As best illustrated in FIGS. 1 and 2, toothbrush 10 is a conventional instrument and further comprises bristles 14 mounted on head portion 20 of handle 13. Handle 13 also includes a relatively narrow neck portion 18 and a relatively wide body or grip portion 16. Neck portion 18 is disposed between head portion 20 and body portion 16. Neck portion 18 has predetermined neck width 19. Body portion 16 has predetermined body width 17.
Shoulder or shank region 12 is formed where the neck portion 18 adjoins the body portion 16. Two shoulder surfaces 24 are disposed symmetrically on opposing sides of the center of both the neck portion 18 and of the body portion 16. The shoulder surfaces 24 typically are sloped, and provide an angled, gradual transition from the relatively narrow neck width 19 to the relatively wide body width 17. The shoulder region 12 has a predetermined thickness 22 as illustrated in FIG. 2. Typically, the thickness 22 is substantially the same for neck portion 18, body portion 16 and shoulder region 12 for a conventional toothbrush 10.

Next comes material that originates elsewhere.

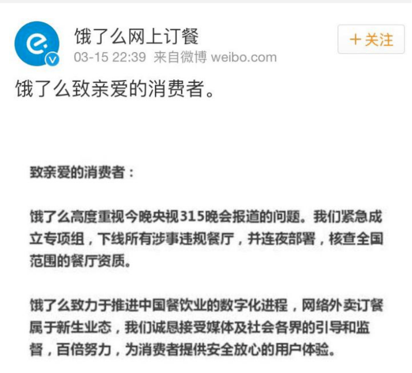 晚会结束之后,饿了么的回应姗姗来迟,官方发布“万能公关模版”回应,称饿了么高度重视央视3·15晚会报道的问题。将紧急成立专项组,下线所有涉事违规餐厅,并连夜部署,核查全国范围的餐厅资质。
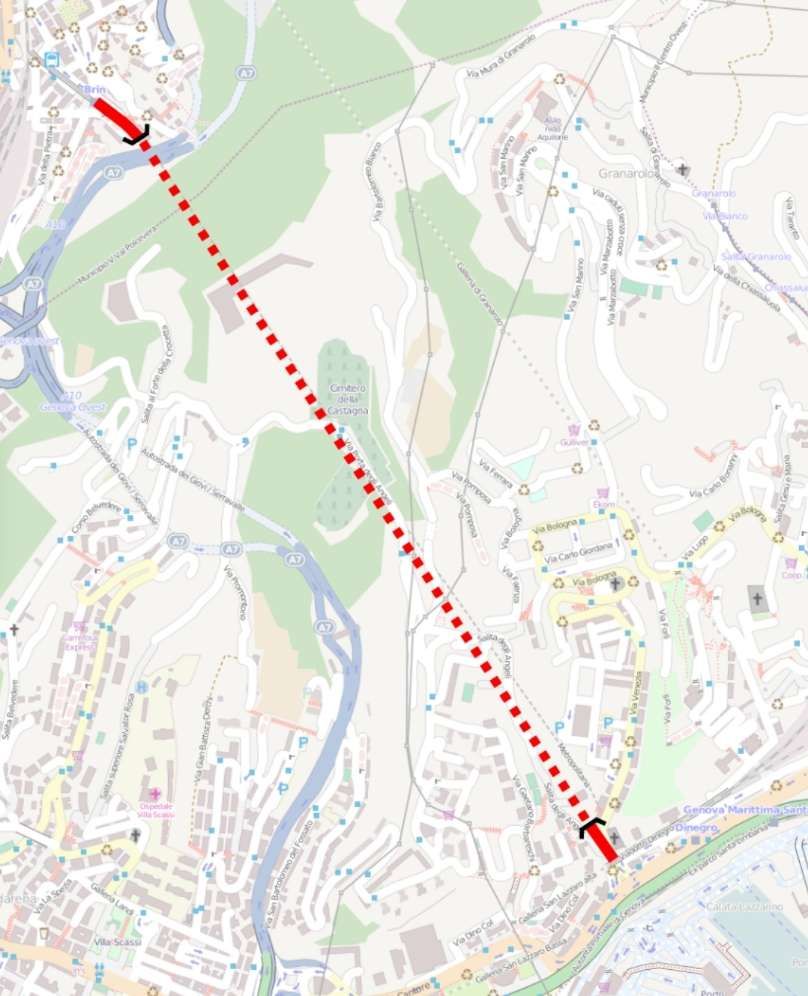 “Starting from the terminus at Manin, the route winds its way out of the city: running along a stretch of the Val Bisagno, it serves the localities of S. Pantaleo, Cappuccio, Campi, Pino Soprano, Torrazza, before passing through the Trensasco tunnel into Val Polcevera and reaching the terminus at Casella, in Valle Scrivia.” [4: p16 – translated/adapted from Itailan]

The handle 13 has front surface 27, side surfaces 28 and rear surface 29. A shoulder surface contour, or predetermined mounting surface 26 is formed or provided substantially in the shoulder region 12 where neck 18 adjoins body 16. Accordingly, the shoulder surface contour 26 comprises portions of front surface 27, side surfaces 28, rear surface 29, and sloped shoulder surfaces 24. The shape and dimensions of shoulder surface contour 26 are based on body width 17, neck width 19, shoulder thickness 22, and the length (angle) of sloped shoulder surfaces 24, for a particular type or brand of toothbrush 10. Hence, the shoulder surface contour or predetermined mounting surface 26 has a thickness 22 and side profiles associated therewith.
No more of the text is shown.